NAMES: Dutch corpus of person name variants

Spelling variation, variants and digitization errors in person names are serious obstacles for search operations in historical documents. The NAMES project aimed to standardize 564,000 different surnames and 190,113 different given names with the help of the Clariah tool TICCL.

Principle investigator
  • Gerrit Bloothooft
Disciplines
  • History
  • Languages and literatures
Resource types
  • Data
  • Tools
Variant cloud of Elisabeth where edges denote proven variant pairs. The size of a node is proportional to name frequency, which is >9 for this set.

Spelling variation, variants and digitization errors in person names are serious obstacles for search operations in historical documents.
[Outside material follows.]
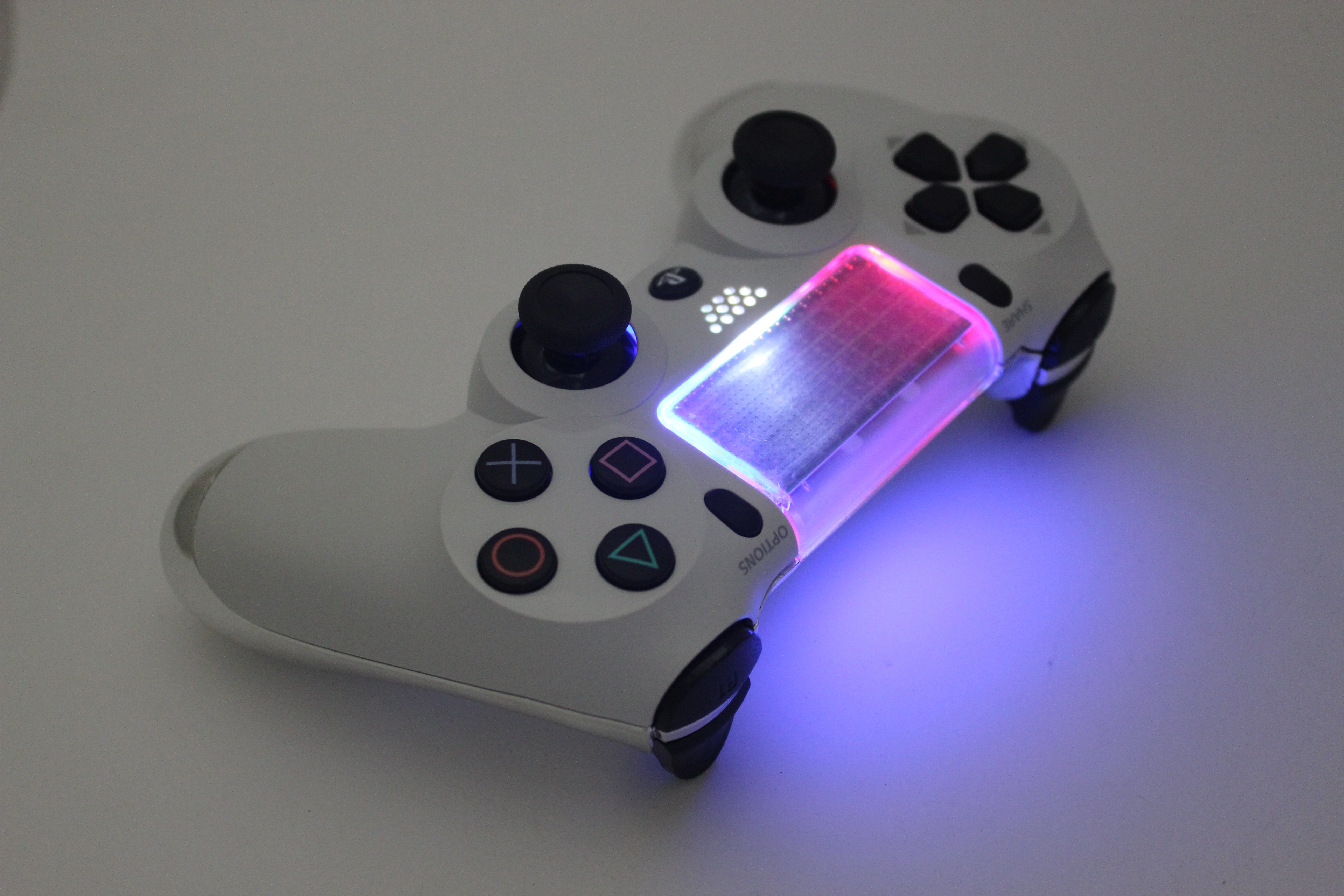 Glacier White and Chrome Lit PlayStation 4 Contoller photos and movies

A solution could be the spelling standardization of surnames and given names. But ambiguities and alternative interpretations make this a non-trivial task which requires expert evaluation assisted by automatic analyses.

The NAMES project aimed to standardize 564,000 different surnames and 190,113 different given names from 19th century sources with 52.5 million tokens with the help of the Clariah tool TICCL. A subset of these names was already automatically related to a standard as they could be identified as having been used for the same individual. This subset has been reviewed by experts which resulted in 127,154 surnames associated to 11,278 standards and 49,804 given names associated to 782 gender independent standards. Unfortunately, TICCL did not succeed to support the extension of this set. Instead, brute force comparison of the remaining names to names with a standard, and extending the number of standards, increased the coverage of standardized tokens to 99,43% for given names and 98,51% for surnames.

Data will be made available in RDF format for linked open data and as Lexicon service. In addition, digital versions of name dictionaries will be made accessible.